A legislative hearing on Bill 234-38 opened with the public auditor and agency leaders urging the Guam Legislature to authorize adoption of the United Nations Conference on Trade and Development's automated customs system, ASYCUDA, to replace Guam's largely paper-based customs operations.
Enciatus Masi, director of the Guam Customs and Quarantine Agency, testified the measure would give CQA clear authority to implement ASYCUDA, enter necessary intergovernmental agreements with UNCTAD and modernize customs processes. "This bill positions Guam for the future," Masi said, urging the legislature to pass the measure and noting the system is used in more than 100 countries.
John Rick Mendiola, customs officer supervisor, described the operational strain of manual entry, saying customs still processes documentation attached to roughly 900 sea containers and 200 tons of air freight weekly. "We still do it" by hand, Mendiola said, and he told senators that automation would improve risk assessment, fraud detection and the government's ability to reconcile revenue.
Matthew Santos, deputy director of the Bureau of Statistics and Plans, traced the multi-year technical engagement with UNCTAD and said the project stalled previously because of financing and procurement barriers. Santos said ASYCUDA was the only financially viable solution identified in market research and that earlier federal and grant support (a TAP grant and DOI engagement) established Phase 1 deliverables.
Technical implementation details presented by Michael Ford of the Office of Technology (OTEC) emphasized infrastructure needs: API integration with Guam's payment systems, higher-bandwidth links at several CQA sites, multifactor authentication, on-site IT staffing and backup/replication. Ford said OTEC recommends cloud hosting only if data can be stored within U.S. jurisdiction; otherwise, on-site hosting was recommended to meet local governance concerns.

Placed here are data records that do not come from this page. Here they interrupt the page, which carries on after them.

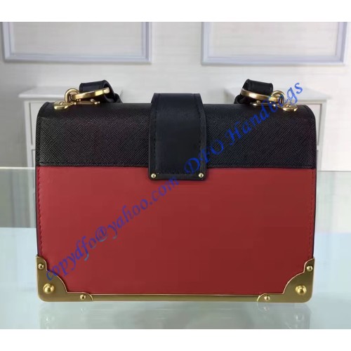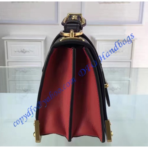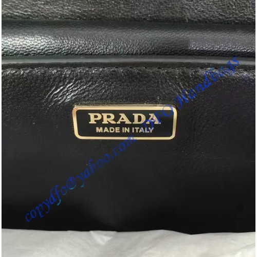 Inside a bag, once you pass by lace closure are two main pockets and two compartments. In general, they are large enough to allow for the owners to place most of the credit cards, coins, and other belongings into them. They are also stretchable and easy to remove an item from them. Logo of Prada is implemented on most metal pieces.
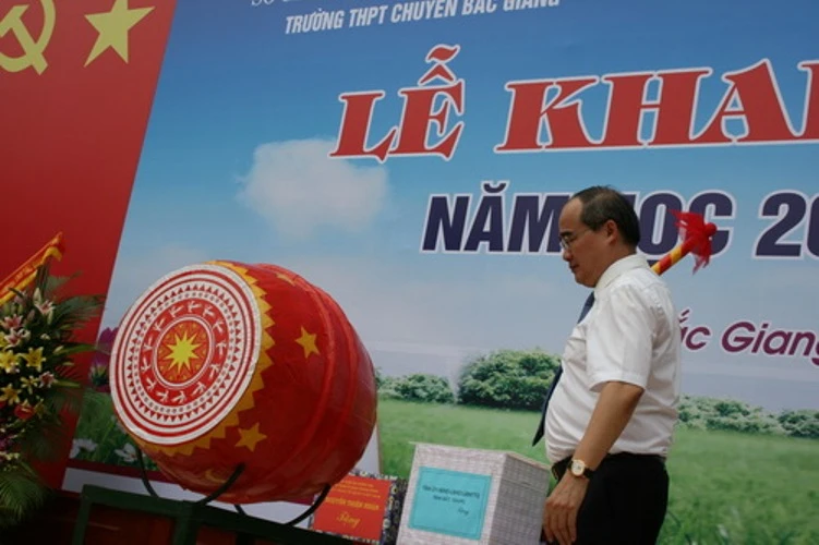 Đến dự lễ khai giảng tại Trường THPT chuyên Bắc Giang, Chủ tịch UBTWMT Tổ quốc Việt Nam Nguyễn Thiện Nhân bày tỏ vui mừng vì trường dạy rất tốt ngoại ngữ cho học sinh với nhiều thứ tiếng Anh, Pháp, Trung...
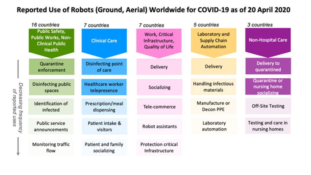 A Texas A&M Egyetem és a Center for Robot-Assisted Search and Rescue Intézet robotikával foglalkozó munkatársai több mint százhúsz publikációt megvizsgáltak Kínából, az Egyesült Államokból és tizenkilenc másik országból azzal kapcsolatban, hogyan használják a robotokat a koronavírus-járvány idején. Megállapították, hogy azok szinte minden szempontból figyelemre méltó szerepet játszanak a válság kezelésében földön és égen. Szemléltetésképp elkészítették az alábbi ábrát:
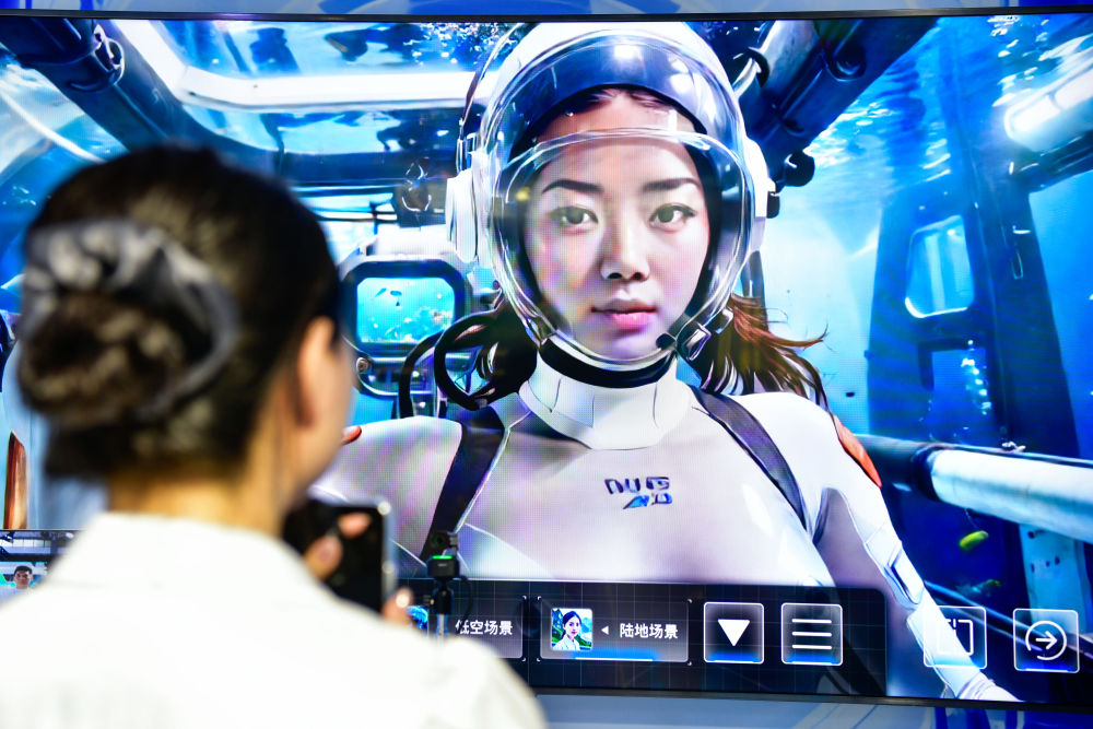 8月28日,參會人員在數博會上體驗AI+元宇宙空間。

Tom Nadeau of the Division of Environmental Health, speaking for the Department of Public Health and Social Services, said ASYCUDA would allow health regulators to electronically screen imports for unapproved drugs, adulterated foods and other threats, moving DEH from reactive inspections to risk-based screening.
Witnesses and outside stakeholders offered cost and timeline estimates during committee questioning: Santos said a realistic implementation after contract award would be 24'36 months; CQA estimated an upfront implementation cost in the neighborhood of $2,000,000, with an ongoing maintenance estimate of about $150,000 per year. Witnesses also cited a contingency estimate of roughly $327,000 for additional upfront costs.

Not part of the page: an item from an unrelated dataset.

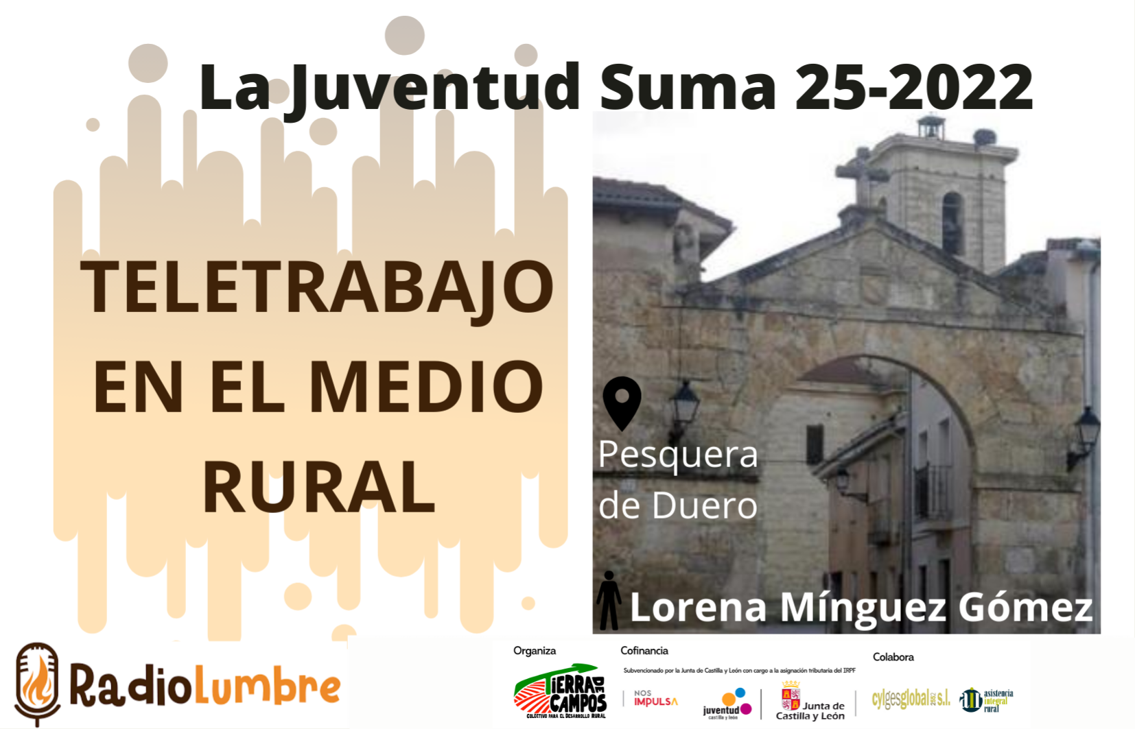 En nuestro programa de hoy nos hemos trasladado hasta Pesquera de Duero (Valladolid) para conocer a Lorena Mínguez, una joven trabajadora social que se ha venido al pueblo. Hace unos meses le ofrecieron poder trabajar sin moverse de su casa y hoy nos va a contar cómo es teletrabajar en el medio rural.
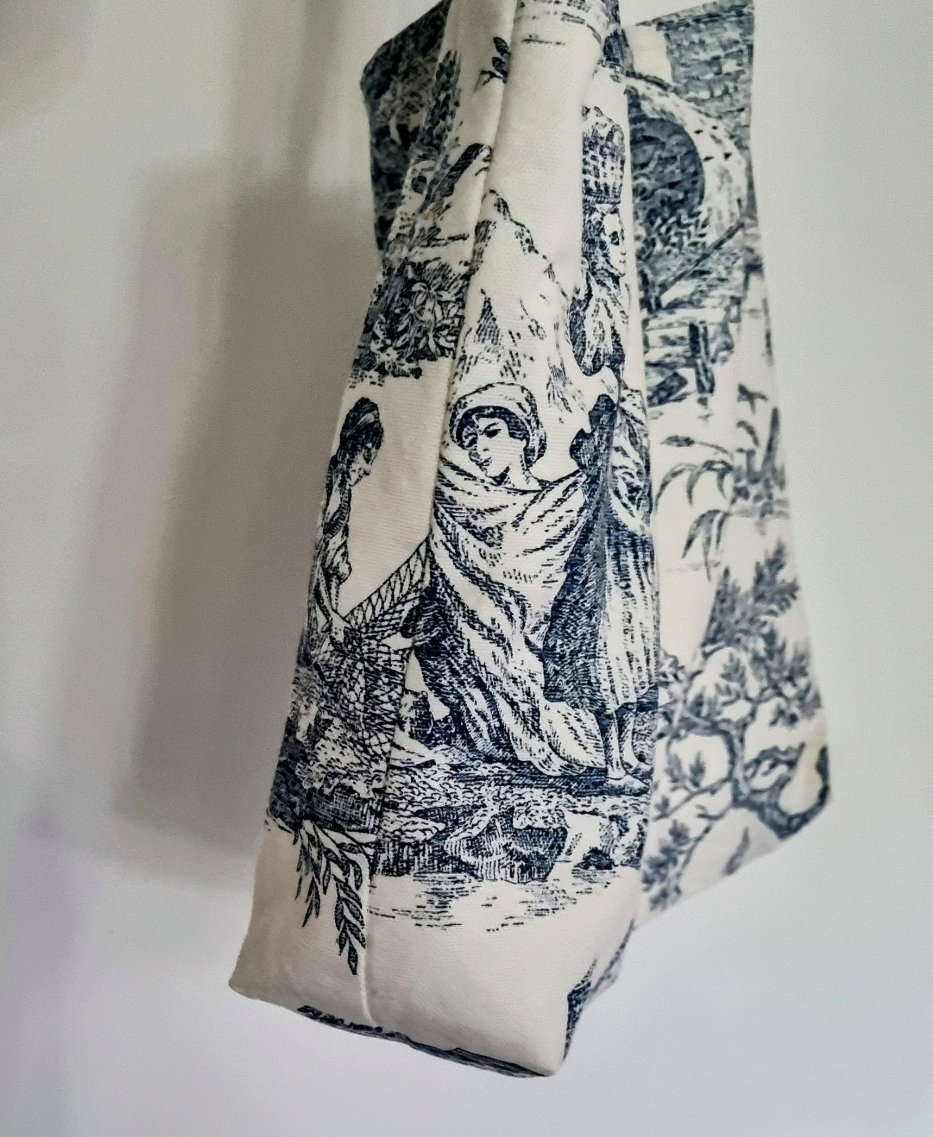 Tote bag 100% Francais confectionné en Toile de Jouy bleu réalisé avec:

Multiple witnesses and senators referenced revenue shortfalls tied to manual processes. Testimony included a range of estimates: the hearing cited prior audit examples that suggested daily bills-of-lading totals in the millions and noted that Guam may currently be missing between $60 million and $110 million a year in border-related taxes and fees because of delayed declarations and limited audit trails. Witnesses pointed to Palau's deployment of ASYCUDA, where officials reported revenue increases in the low- to mid-20-percent range in initial quarters.
Committee members pressed on procurement logistics, data ownership and cross-platform communication with U.S. Customs and Border Protection systems such as ACE. Witnesses said data governance and legal arrangements would be part of the project planning and insisted the government of Guam would own customs data while working to ensure secure cross-platform modules where needed.
The hearing also reviewed agency budget execution: Clarice Briggs, the agency fiscal ASO, reported unaudited FY25 general-fund lapses in the neighborhood of $2.9 million and special-fund lapses around $1.8 million, and she and senators said procurement delays were a primary cause of unused encumbrances.
Several senators expressed bipartisan urgency to advance the bill and move Guam out of a decades-old manual process; at the close of the hearing the committee left the record open for 10 business days for additional testimony and provided instructions for submitting written comments. The chair indicated the item will likely return in a future session (possible March hearing); no committee vote or formal action occurred at this hearing.
Next steps: the public record remains open for additional testimony for 10 business days; witnesses said implementation planning, data-governance agreements and procurement arrangements would follow passage and that detailed cost and schedule milestones would be refined as the contract negotiations progress.